İlaçta kriz büyüyor: Hastalar ve eczacılar mağdur

Türkiye’de ilaç sektörü kurdaki yükseliş ve kararnameler nedeniyle zor günler yaşıyor.

Türkiye’de ilaç sektörü kurdaki yükseliş ve kararnameler nedeniyle zor günler yaşıyor. Bazı hayati ilaçlar piyasada bulunmuyor veya ülkeye girişi engelleniyor. Bu durum hem hastaları hem de eczacıları olumsuz etkiliyor.

Hayati ilaçlar yok

İlaç krizinin en önemli nedenlerinden biri, döviz kurundaki artış. Euro’nun 34 liraya çıktığı bir dönemde, ilaç fiyatlarının belirlendiği kur 17,55 TL olarak sabit kaldı. Bu da ilaç üreticileri ve ithalatçıları için ciddi bir maliyet artışı anlamına geliyor.

Bu nedenle, bazı ilaç firmaları Türkiye’ye ilaç ihracatını durdurdu veya azalttı. Özellikle Türkiye’de muadili olmayan bazı ilaçlar, hastalar için ulaşılamaz hale geldi. Bu ilaçların başında epilepsi ilacı geliyor. İsviçre merkezli bir firma, bu ilacın da aralarında olduğu 14 ilacın Türkiye’deki satışını sona erdirdiğini açıkladı.

Eczacılar Vakfı Genel Başkanı İhsan Turnalar, ilaç krizinin boyutlarına dikkat çekti. Turnalar, “İlaçta fiyat değil, bulunabilirlik önemli. Hayati ilaçlar piyasadan kayboluyor. Bu da hayati tehlikeler doğuruyor. İnsan hayatı söz konusuyken tasarruf mu yapacağız?” dedi.

Eczacılar hedef tahtası Turnalar, ilaç krizinin sorumlusunun eczacılar olmadığını da vurguladı. Turnalar, “Biz bu krizin geleceğini söyledik. Yetkili kurumlar bizi suçladı. Ama şimdi gerçek ortaya çıktı. Biz ilaç saklayamayız. Barkod sistemi var. Her ilacın nerede olduğu görülür. Biz vatandaşın yanındayız. İlaç krizinin en küçük sorumlusu biz değiliz” diye konuştu.

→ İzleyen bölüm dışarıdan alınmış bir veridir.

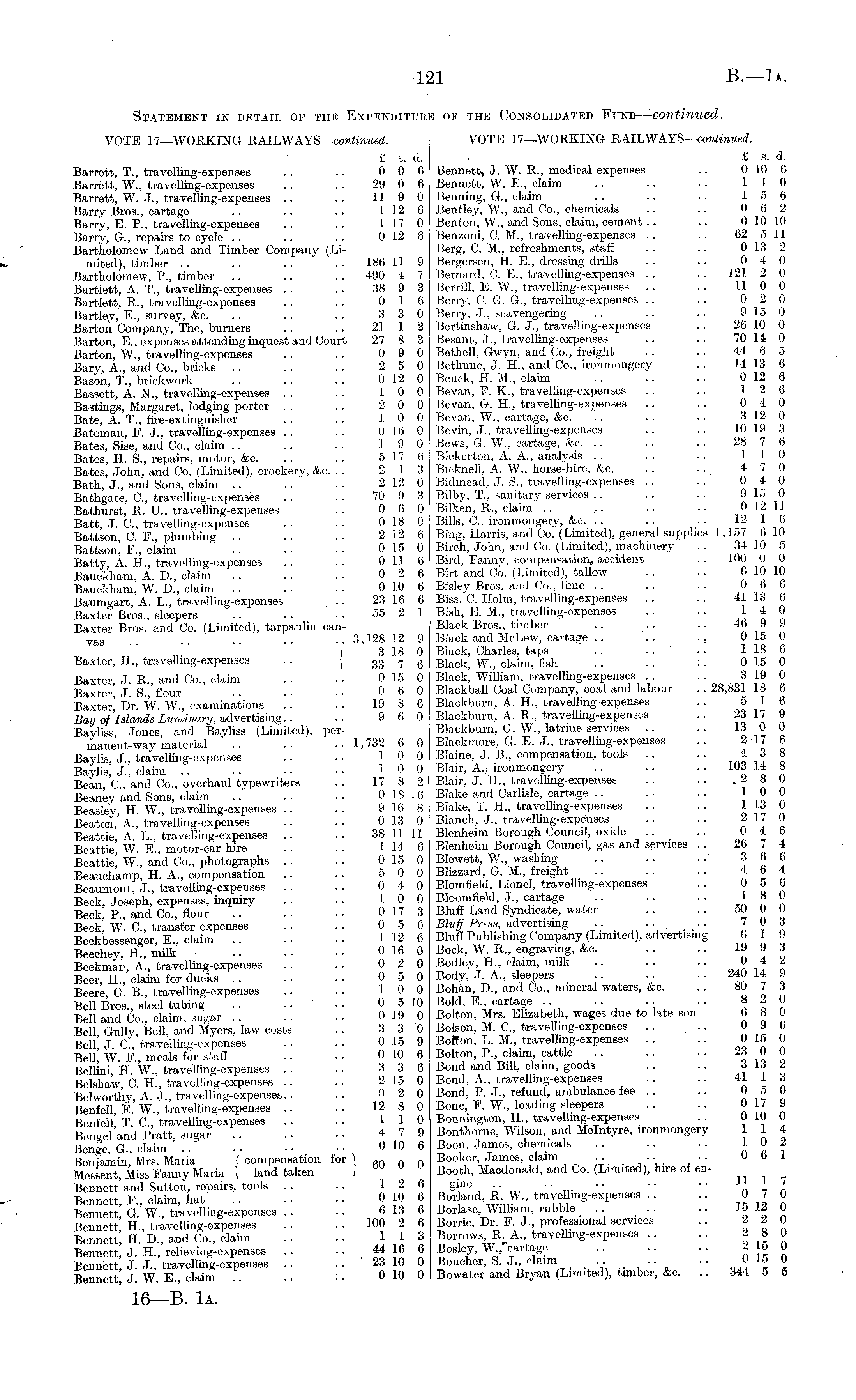 Statement in detail of the Expenditure of the Consolidated Fund — continued. VOTE 17—WORKING RAlLWAYS— continued. VOTE 17—WORKING RAlLWAYS— continued. £ s. d. £ s. d. Barrett, T., travelling-expenses .. .. 0 0 6 Bennett, J. W. R., medical expenses .. 010 6 Barrett, W., travelling-expenses .. .. 29 0 6 Bennett, W. E., claim .. .. .. 110 Barrett, W. J., travelling-expenses .. .. 11 9 0 Benning, G., claim .. .. .. 15 6 Barry Bros., cartage .. .. .. 112 6 Bentley, W., and Co., chemicals .. .. 0 6 2 Barry, E. P., travelling-expenses .. .. 117 0 Ben ton, W., and Sons, claim, cement .. .. 010 10 Barry, G., repairs to cycle .. .. .. 012 6 Benzoni, C. M., travelling-expenses .. . . 62 511 Bartholomew Land and Timber Company (Li- Berg, C. M., refreshments, staff .. .. 013 2 mited), timber .. .. .. .. 186 11 9 Bcrgersen, H. E., dressing drills .. .. 04 0 Bartholomew, P., timber .. .. .. 490 4 7 Bernard, C. E., travelling-expenses .. .. 121 2 0 Bartlett, A. T., travelling-expenses .. .. 38 9 3 Berrill, E. W., travelling-expenses .. .. 11 0 0 Bartlett, R., travelling-expenses . . .. 0 1 (i Berry, C. G. G., travelling-expenses .. .. 02 0 Bartley, E., survey, &c. .. .. 3 3 0 Berry, J., scavengering .. .. .. 9 15 0 Barton Company, The, burners .. .. 21 J 2 Bertinshaw, G. J., travelling-expenses .. 26 10 0 Barton, E., expenses attending inquest and Court 27 8 3 Besant, J., travelling-expenses .. .. 70 14 0 Barton, W., travelling-expenses . . .. 0 9 0 Bethell, Gwyn, and Co., freight .. .. 44 6 5 Bary A. and Co., bricks .. .. .. 2 5 0 Bethune, J. H., and Co., ironmongery .. 14 13 6 Bason, T., brickwork .. .. .. 012 0 Beuck, H. M., claim .. .. .. 012 6 Bassett, A. N., travelling-expenses . . .. 1 0 0 Bevan, F. X., travelling-expenses .. .. 1 2 (i Bastings, Margaret, lodging porter .. .. 2 0 0 Bevan, G. H., travelling-expenses .. .. 0 4 0 Bate, A. T., fire-extinguisher . . .. 10 0 Bevan, W., cartage, &c. .. .. .. 312 0 Bateman, F. J., travelling-expenses .. .. 016 0 Bevin, J., travelling-expenses .. .. 10 19 3 Bates, Sise, and Co., claim . . .. . . 19 0 Bevvs, G. W., cartage, &c. .. .. .. 28 7 6 Bates, H. S., repairs, motor, &c. .... 5 17 6, Bickerton, A. A., analysis . . .. .. 110 Bates, John, and Co. (Limited), crockery, &c. . . 2 13! Bicknell, A. W., horse-hire, &c. .. .. 470 Bath, J., and Sons, claim ..... . 2 12 0 Bidmead, J. S., travelling-expenses . . .. 0 4 0 Bathgate, C, travelling-expenses .. .. 70 9 3 Bilby, T., sanitary services .. .. .. 915 0 Bathurst, R. U., travelling-expenses .. 0 6 0 Bilken, R., claim .. .. .. .. 0 12 11 Batt, J. C., travelling-expenses .. .. 018 0 Bills, C, ironmongery, &c. .. .. .. 12 1 (i Battson C. F., plumbing .. .. •• 2 12 6 Bing, Harris, and Co. (Limited), general supplies 1,157 6.10 P., claim .. .. .. 015 0 Birch, John, and Co. (Limited), machinery .. 34 10 5 Batty A. H., travelling-expenses .. . . 0)16 Bird, Fanny, compensation, accident .. 100 0 0 Bauckham, A. D., claim .. .. . . 02 6 Birt and Co. (Limited), tallow .. .. 610 10 Bauckham, W. I)., claim ~ .. .. 0 10 6 Bisloy Bros, and Co., lime .. .. .. 0 6 6 Baumo-art A. L., travelling-expenses .. 23 16 6 ! Biss, C. Holm, travelling-expenses .. .. 4113 6 Baxter Bros., sleepers 55 2 1 Bish, E. M., travelling-expenses .. .. 1 4 0 Baxter Bros, and Co. (Limited), tarpaulin can- Black Bros., timber .. .. .. 4b 9 9 vas . .. .. .. 3,128 12 9 Black and McLew, cartage .. .. .. 0 15 0 (3180 Black, Charles, taps .. .. .. 118 6 Baxter, H., travelling-expenses .. - ( 33 7 6 Black, W., claim, fish .. .. .. 015 0 Baxter, J. R., and Co., claim .. .. 015 0 Black, William, travelling-expenses . . .. 319 0 Baxter J S flour . . . • ■ • 0 (i 0 Blackball Coal Company, coal and labour .. 28,831 18 6 Baxter' Dr W W., examinations .. .. 19 8 6 Blackburn, A. H., travelling-expenses .. 516 Bay of Islands Luminary, advertising.. .. 9 6 0 Blackburn, A. R., travelling-expenses .. 23 17 9 Bayliss Jones, and Bayliss (Limited), per- Blackburn, G. W., latrine services .. .. 13 0 0 manent-way material 1,732 6 0 Blaekmore, C. E. J., travelling-expenses .. 217 6 Baylis, J., travelling-expenses .. .. 10 0 Blame, J. 8., compensation, tools .. .. 4 3 8 Baylis, J., claim 10 0 Blair, A., ironmongery 103 14 8 Bean C and Co., overhaul typewriters .. 17 8 2 Blair, J. H., travelling-expenses .. .. . 2 8 0 Beaney and Sons, claim 0 18 6 Blake and Carlisle, cartage 10 0 Beasley H W., travelling-expenses .. .. 916 8 Blake, T. H., travelling-expenses .. .. 113 0 Beaton A., travelling-expenses . . .. 013 0 Blanch, J., travelling-expenses .. .. 217 0 Beattie A L travelling-expenses .. .. 38 11 11 Blenheim Borough Council, oxide .. .. 04b Beattie' W E., motor-car hire .. .. 114 6 Blenheim Borough Council, gas and services .. 26 7 4 Beattie, W., and Co., photographs . . .. 015 0 Blcwett, W., washing A b b Beauchamp, H. A., compensation .. .. 5 0 0 Blizzard, G. M., freight 4 b 4 Beaumont, J., travelling-expenses .. .. 04 0 Blomfield, Lionel, travelling-expenses .. Van Beck, Joseph, expenses, inquiry .. .. 10 0 Bloomfield, J., cartage .. .. .. 1 8 0 Beck P., and Co., flour 017 3 Bluff Land Syndicate, water .. .. 50 0 0 Beck, W. C, transfer expenses .. .. 05 6 Bluff Press advertising .. •• ..■■ IV o Beckbessenger E claim . .. .. 112 6 Bluff Publishing Company (Limited), advertising 61 9 Beechey, H , milk 0 16 0 Bock, WR., engraving, &c 19 9 3 Beekman, A., travelling-expenses .. .. 02 0 Bodley, H claim, milk 04 2 Beer, H., claim for ducks 05 0 Body, sleepers .. .. 240 14 9 Beere G. 8., travelling-expenses .. .. 10 0 Bohan, L\, and Co., mineral waters, &c. .. 80 7 3 Bell Bros., steel tubing 05 10 Bold, E cartage .. .. .. f2O Bell and Co claim sugar .. .. 019 0 Bolton, Mrs. Elizabeth, wages due to late son 6 8 0 Bell Gully, Bell, and Myers, law costs .. 3 3 0 Bolson, M. C, travelling-expenses .. .. jj 9 6 Bell' J. C, travelling-expenses . ... 015 9 Bolton, I, M travelling-expenses .. .. ° ° Bell, W. F., meals for staff .. .. 010 6 Bolton, P., c

Turnalar, ilaç krizinin çözümü için hükümete çağrıda bulundu. Turnalar, “Hükümet ilaç üreticileri ve ithalatçıları ile masaya oturmalı. Akılcı bir yol bulmalı. Mesela ilaçta yüzde 10 olan KDV’yi yüzde 1’e indirebilir. Türkiye ilaç enflasyonuna gidiyor. Bu iş şaka değil. Yerli ilaç üretimi de şart. Sağlık bağımsızlığı tarihin dersidir” dedi.